Kushima Castle (玖島城, Kushima-jō), also known as Ōmura Castle (大村城, Ōmura-jō) from its location, is a Japanese castle located in Ōmura, Nagasaki Prefecture, Japan.

==History==
Kushima castle is built on a peninsula extending into Ōmura Bay. Kushima Castle was the ancestral home of the Ōmura clan, having first been constructed in the Kamakura period by descendants of Fujiwara no Sumitomo. It was the base of Kirishitan daimyō Ōmura Yoshiaki (1568–1615), who assisted Toyotomi Hideyoshi in securing control of Kyūshū. After Hideyoshi's death and the Battle of Sekigahara, the Ōmura clan was confirmed by shōgun Tokugawa Ieyasu as a tozama han with revenues of 27,000 koku in their ancestral territories. The Sengoku period castle of 1598 was rebuilt in 1614 by Ōmura Sumiyori per plans draw up by noted castle designer Katō Kiyomasa.
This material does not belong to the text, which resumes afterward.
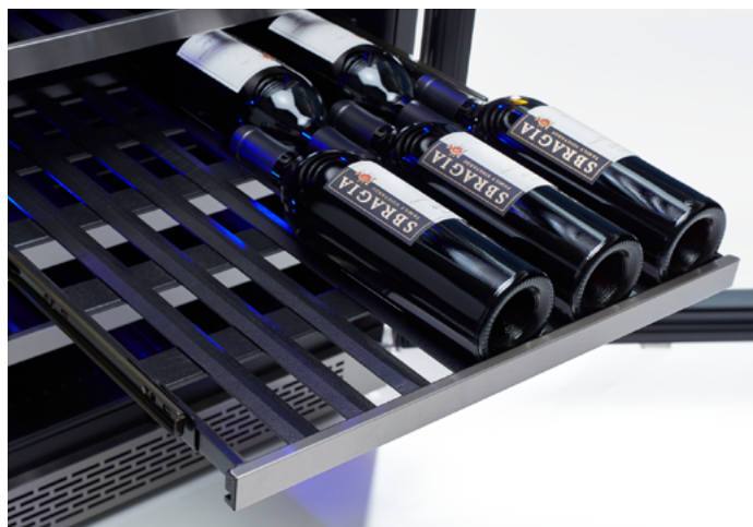
Full-Extension Wood Racks

After the start of the national isolation policy and the persecution of the Japanese Christians, many local Christians were herded into the grounds of Ōmura Castle and forced to take poison in 1616. Ōmura Sumiyori himself was poisoned in 1619.
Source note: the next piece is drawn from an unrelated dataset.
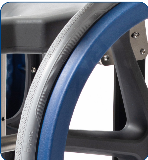
Ergonomic Handrim with thumb groove and finger notches
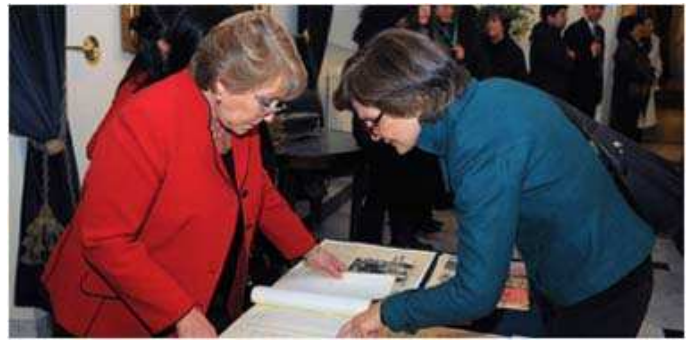
Chilean President Michelle Bachelet presided over the signing of an agreement which will ensure the preservation of exhibit donation made to the new Museum of Memory and Human Rights.

(June 18, 2009) President Michelle Bachelet officially received exhibit donations on Tuesday to be displayed in a new ‘Museum of Memory and Human Rights’ that will commemorate victims of Chile’s military dictatorship, which took place between 1973 and 1990 under Gen. Augusto Pinochet.

The Ōmura daimyō remained in residence at Kushima Castle until the Meiji Restoration of 1868. It was the seat of the local government until 1871, when the former Ōmura Domain was merged into the new Nagasaki Prefecture. The donjon was pulled down in 1871, as were all of the supporting structures. Today, only the moat and portions of stone walls remain.
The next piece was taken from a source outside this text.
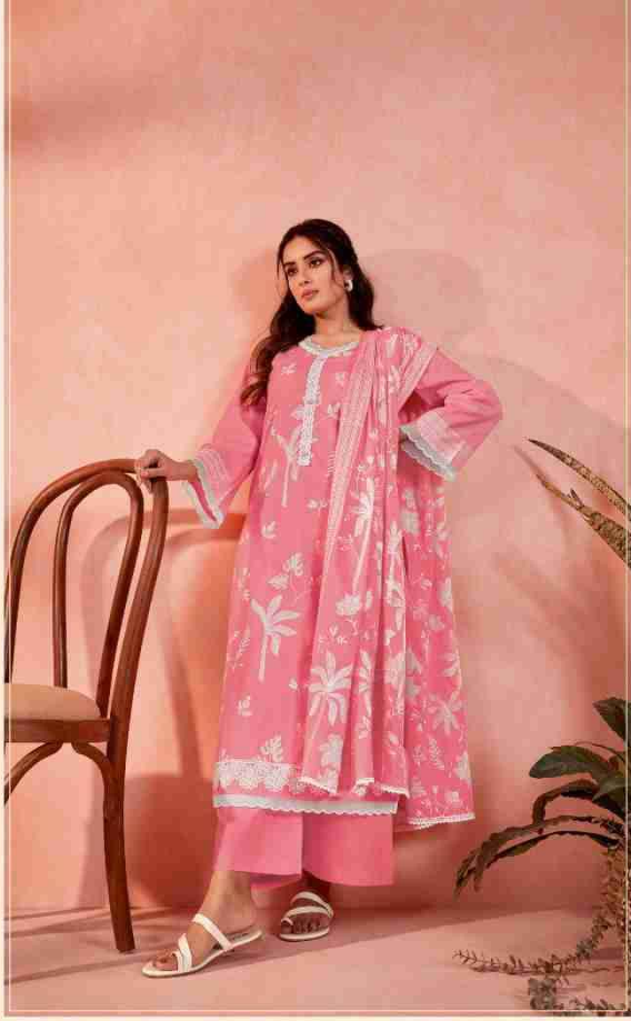
Muse - 1003

In 1884, a Shinto shrine was erected on the foundations of the former keep, in honor of the spirits of the generations of Ōmura daimyō. In 1981, one of the yagura and some earthen walls were reconstructed. The site of the castle now forms Ōmura Park, which contains a number of protected plant species, including many examples of the Ōmura sakura and extensive public gardens.